Figure 4(A) Performance comparison of pCT model and pCT+PET in the internal testing set (left to right: cT4, cT3, cT3, multifocal cT2). Red, green, and blue show the contours of ground truth reference, pCT+PET model prediction, and pCT model prediction, respectively. (B) Performance examples of pCT model in the external testing set according to the degree of manual revision (left to right): no revision, >0%–30%, >30%–60%, and unacceptable. Red and blue show the contours of ground truth reference and pCT model prediction, respectively. Green arrow points to the uncommon anatomy for the unacceptable case in the rightmost column. pCT, treatment planning CT; DSC, Dice similarity coefficient.
Quantitative results of esophageal GTV segmentation by the pCT model in the multi-institutional external testing data.

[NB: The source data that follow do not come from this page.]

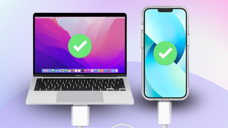 - Sử dụng cáp Lightning (hoặc USB-C tùy đời iPhone) chính hãng để kết nối iPhone với máy tính.
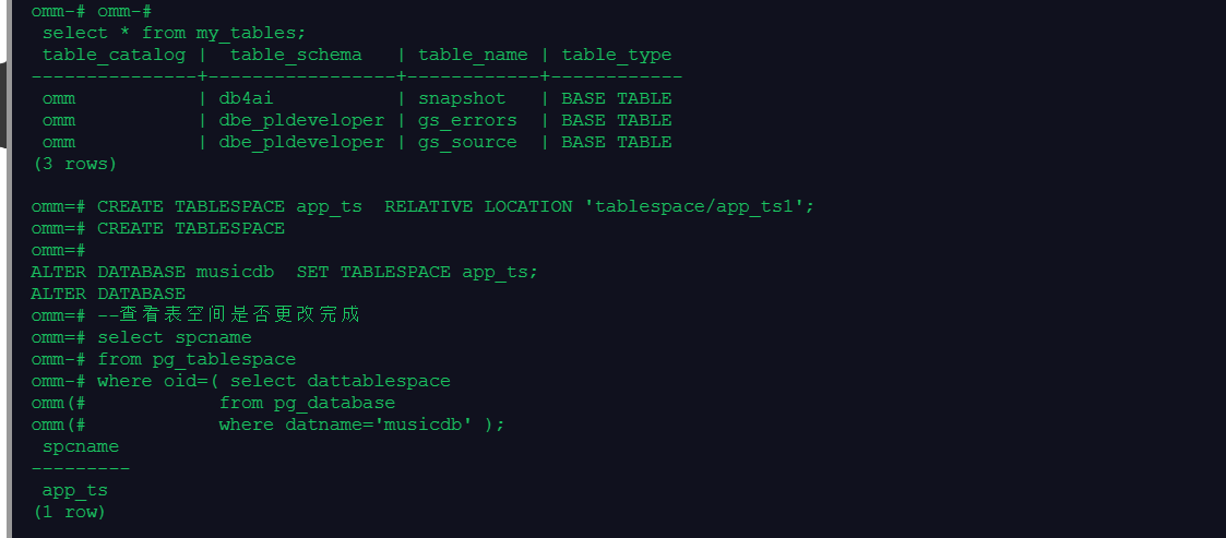 CREATE TABLESPACE app_ts RELATIVE LOCATION 'tablespace/app_ts1';
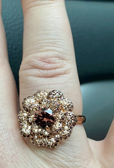 Отличное кольцо по вменяемой цене. Покупала по акции, кольцом очень довольна. Пришло заказанное кольцо быстро, камешки все на месте. Оно однозначно только на выход, или на какие то особенные моменты. РОСКОШНОЕ, сияющее, праздничное. Представляет из себя раскрытую розу. Форма кольца соблюдена, лепестки равные,никаких дефектов при осмотре я не нашла. Пломба есть чек выдают и присылают в приложение. Упаковали в магазине его отлично, распаковывать кольцо для фото в отзыв не стала, ибо оно уйдёт на подарок. Спасибо Санлайт за отличную акцию и бонусы!

| Institutions 2–4 (External Multi-Institutional Testing) Using pCT Model | ||||
|---|---|---|---|---|
| Unacceptable Number (percentage) | DSC Mean (95% CI) | HD95 (mm) Mean (95% CI) | ASD (mm) Mean (95% CI) | |
| Total patients (n = 354) | 33 (9%) | 0.80 (0.78, 0.81) | 11.8 (10.1, 13.4) | 2.8 (2.4, 3.2) |
| Clinical T stage | ||||
| cT2 (n = 74) | 23 (31%) | 0.71 (0.66, 0.76) | 13.8 (10.0, 17.5) | 3.6 (2.5, 4.8) |
| cT3 (n = 177) | 5 (3%) | 0.81 (0.80, 0.82) | 11.4 (8.8, 13.9) | 2.6 (2.1, 3.2) |
| cT4 (n = 103) | 5 (5%) | 0.82 (0.80, 0.83) | 11.4 (9.3, 13.6) | 2.7 (2.1, 3.3) |
| Tumor location | ||||
| Cervical (n = 60) | 4 (6%) | 0.80 (0.78, 0.82) | 11.7 (8.6, 14.8) | 2.5 (1.7, 3.3) |
| Upper third (n = 143) | 11 (8%) | 0.79 (0.77, 0.81) | 12.6 (10.4, 14.9) | 3.0 (2.4, 3.7) |
| Middle third (n = 178) | 14 (8%) | 0.80 (0.78, 0.81) | 11.5 (9.3, 13.5) | 2.9 (2.4, 3.5) |
| Lower third (n = 70) | 5 (7%) | 0.80 (0.78, 0.82) | 15.4 (9.3, 21.5) | 3.3 (2.1, 4.5) |
GTV, gross tumor volume; CI, confidence interval; DSC, Dice similarity coefficient; HD95, 95% Hausdorff distance; ASD, average surface distance; cT2, clinical T stage 2; cT3, clinical T stage 3; cT4, clinical T stage 4; pCT, treatment planning CT.
Figure 3Expert assessment of manual revision degree of the deep model-predicted contours. Table in the top row summarized the mean and 95% confidence interval (CI) of Dice similarity coefficient (DSC), 95% Hausdorff distance (HD95), and average surface distance (ASD) stratified by different degrees of manual revision. The correlations between the mean of DSC, HD95, ASD, and the degree of manual revision were plotted in the bottom row. Spearman correlation coefficient showed that DSC and degree of manual revision were correlated (R = -0.58, p < 0.001). Same correlation was observed for the HD95 and ASD (HD95: R = 0.60, p < 0.001; ASD: R = 0.60, p < 0.001). Degree of manual revision was defined as the percentage of gross tumor volume (GTV) slices that needed modification for clinical acceptance. pCT, treatment planning CT.
Figure 5Results of multi-user evaluation. (A) Boxplot of Dice similarity coefficient (DSC), 95% Hausdorff distance (HD95), and average surface distance (ASD) for the comparison of manual contours of four radiation oncologists with our treatment planning CT (pCT)-based deep model-predicted contours. Dotted lines indicate the median DSC, HD95, and ASD of our pCT model performance. (B) Comparison of DSC and HD95 between second-time deep learning-assisted contours with those of first-time manual contours. R1 to R4 represent the 4 radiation oncologists involved in the multi-user evaluation. DeepModel is our pCT model.
Figure 6Two qualitative examples (left and right) in sagittal and axial views of comparison between the first-time manual contour (top row) and second-time deep learning-assisted contours (bottom row). Red is the ground truth contour, while green, blue, yellow, and cyan represent the other four radiation oncologists’ contours. The average Dice similarity coefficient (DSC) of 4 radiation oncologists for their first-time manual contour is 0.76 and 0.75 to the two examples, respectively. The DSC performance improved to 0.83 and 0.82 for their second-time contour with assistance from the deep learning predictions.